Manish Shivanandhan

Posted on Mar 26

Building AI Agents That Can Control Cloud Infrastructure

#webdev #programming #beginners #ai

Cloud infrastructure has become deeply programmable over the past decade.

Nearly every platform exposes APIs that allow developers to create applications, provision databases, configure networking, and retrieve metrics.

This shift enabled automation via Infrastructure as Code and CI/CD pipelines, allowing teams to manage systems through scripts rather than dashboards.

Now another layer of automation is emerging. AI agents are starting to participate directly in development workflows. These agents can read codebases, generate implementations, run terminal commands, and help debug systems. The next logical step is to allow them to interact with the infrastructure itself.

Instead of manually inspecting dashboards or remembering complex command-line syntax, developers can ask an AI agent to check system state, deploy services, or retrieve metrics.
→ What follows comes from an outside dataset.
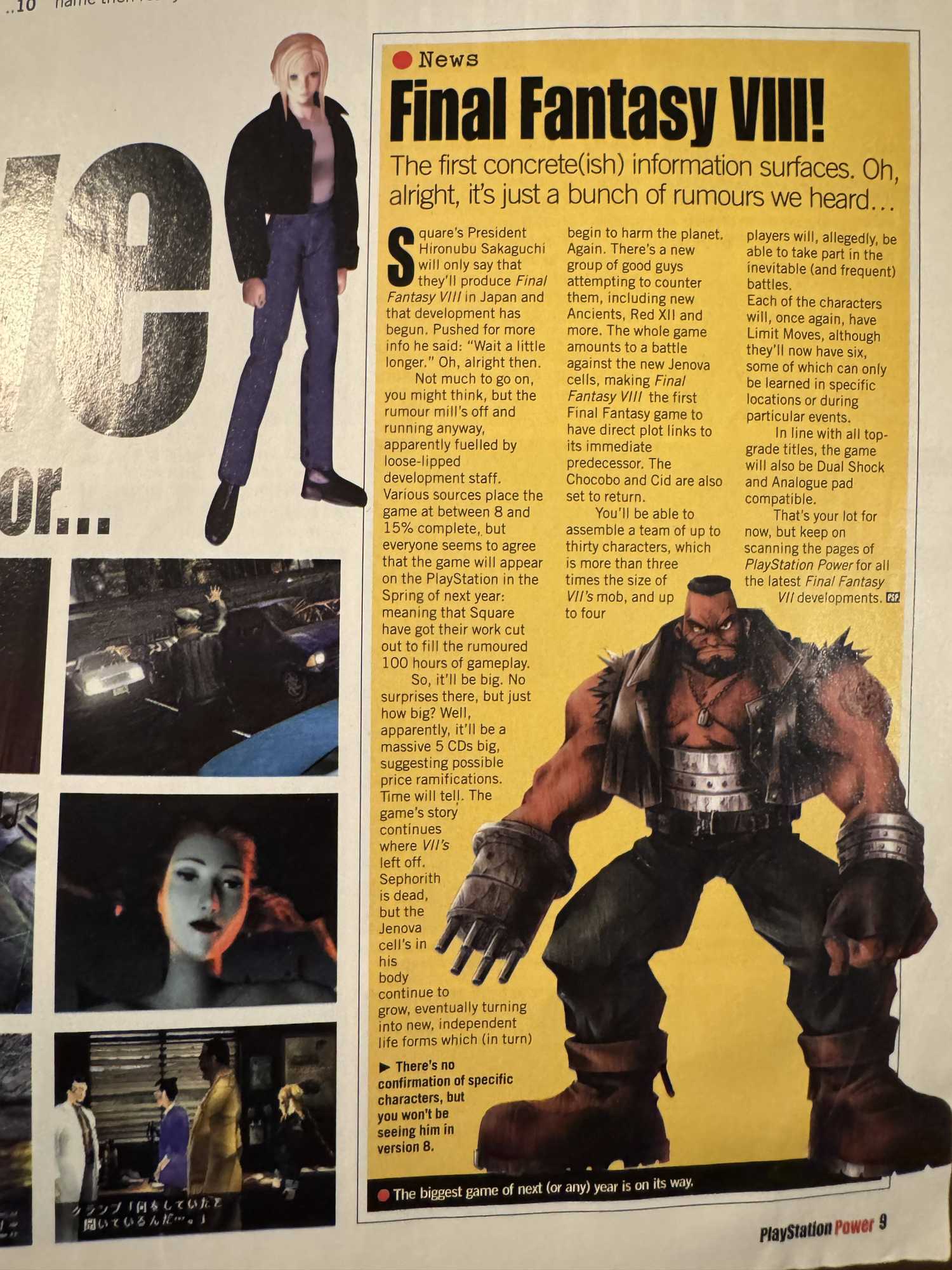 98年6月の時点で、ファイナルファンタジー8は8(HEH)から15%が完了しています。ゲームの長さは5枚のディスクになります。これは、Final Fantasy 7's Threeからの大きなステップアップです。とにかく、私の叔父はファイナルファンタジーがそのゲームまで存在しないと私に言ったので、それはFF7の直接的な続編です。私の叔父は間違っている、または嘘をついているという事実を知っています。私のいとこが彼のスーパー任天堂でファイナルファンタジー3を演じるのを見たので、彼はファイナルファンタジー1とファイナルファンタジー2もあると言ったので、ファイナルファンタジー7がはるかに大きいので、彼らは4、5、および6をスキップしただけです。

The agent performs these tasks by interacting with cloud APIs on behalf of the user.

This capability opens the door to a new type of workflow where infrastructure becomes conversational, programmable, and deeply integrated into development environments.

In this article, we will explore how AI agents can interact with cloud infrastructure through APIs, the challenges of exposing large APIs to AI systems, and how architectures like MCP make it possible for agents to discover and execute infrastructure operations safely.

We will also look at a practical example of connecting an AI agent to a cloud platform like Sevalla using the search-and-execute pattern.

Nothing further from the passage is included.